The book focuses on physics theories revolving around matter and time. They are explored through the two main characters, Regina Russo and Ron Larson.
Regina seeks to indoctrinate Ron Larson into her way of thinking. Having been a lecturer in physics for a long time, Professor Russo has an impressive history, one governed purely by passion. There is also a dark story in her past, amongst other shocking reveals, that will keep the reader glued to the pages. Unfortunately, most of the secrets are unveiled towards the end of the book. Their magnitude coupled with the hasty ending reduced the impact to a poorly-done shock effect from the author. This was the only thing I disliked.
The rest of the book was more than satisfactory to me. Since I am interested in physics, I loved examining the theories as they were revealed, cross-referencing with other existing theories, and comparing the arguments surrounding each of them.
I enjoy a good read, and the author certainly outdid himself with this book. There was minimal destruction from the storyline since the plot development was linear; mostly the story focused on Ron Larson's life. This helped a lot in keeping the reader's concentration within the areas of interest, which I believe was the science content.

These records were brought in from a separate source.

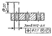 Позиционный допуск 3-х резьбовых отверстий Æ 0,1 мм (допуск зависимый) на участке, расположенном вне детали и выступающем на 30 мм от поверхности. |
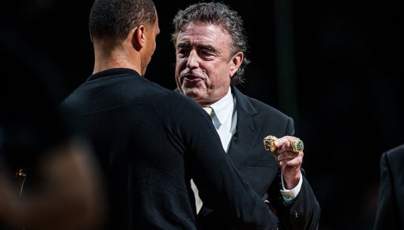« C’était l’un des éléments les plus importants de la soirée. J’ai dit aux gars d’être attentifs à l’équipe, mais aussi à la transmission venant de Cousy, Cedric Maxwell, Ray Allen, KG et Pierce », remarque le coach qui trouve sa bague de champion « trop grosse » pour pouvoir la porter.
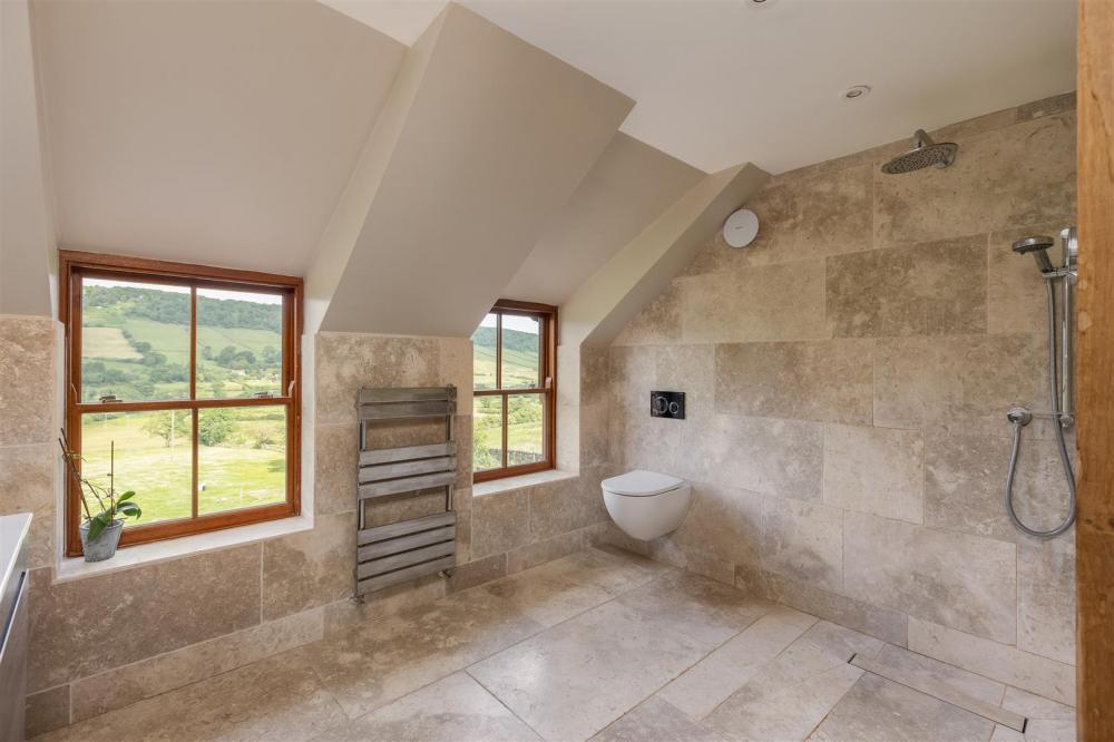 Dual aspect timber timber frame double glazed windows, chrome shower fittings, low flush wc, twin wash hand basins into vanity unit, flat panel heated towel rail, loft hatch.

For this reason, I suggest readers who want a robust storyline with multiple plot lines to steer clear. This book is meant for readers who will appreciate the subject at hand and view the story between Russo and Ron Larson as a bonus. It would be an ideal read for students and teachers with an interest in quantum physics. There is a lot to learn if the topics are of interest to the reader.
I found no errors, which is a testament to the author's excellent work. The editing was outstanding in its perfection. I found the use of profanities a shame as it excludes younger readers from being a potential audience for the book.
Because of the reasons above, I give the book 4 out of 4 stars. The arguments gave a lot of food for thought, which is exactly what a great book should do; to entertain and to educate.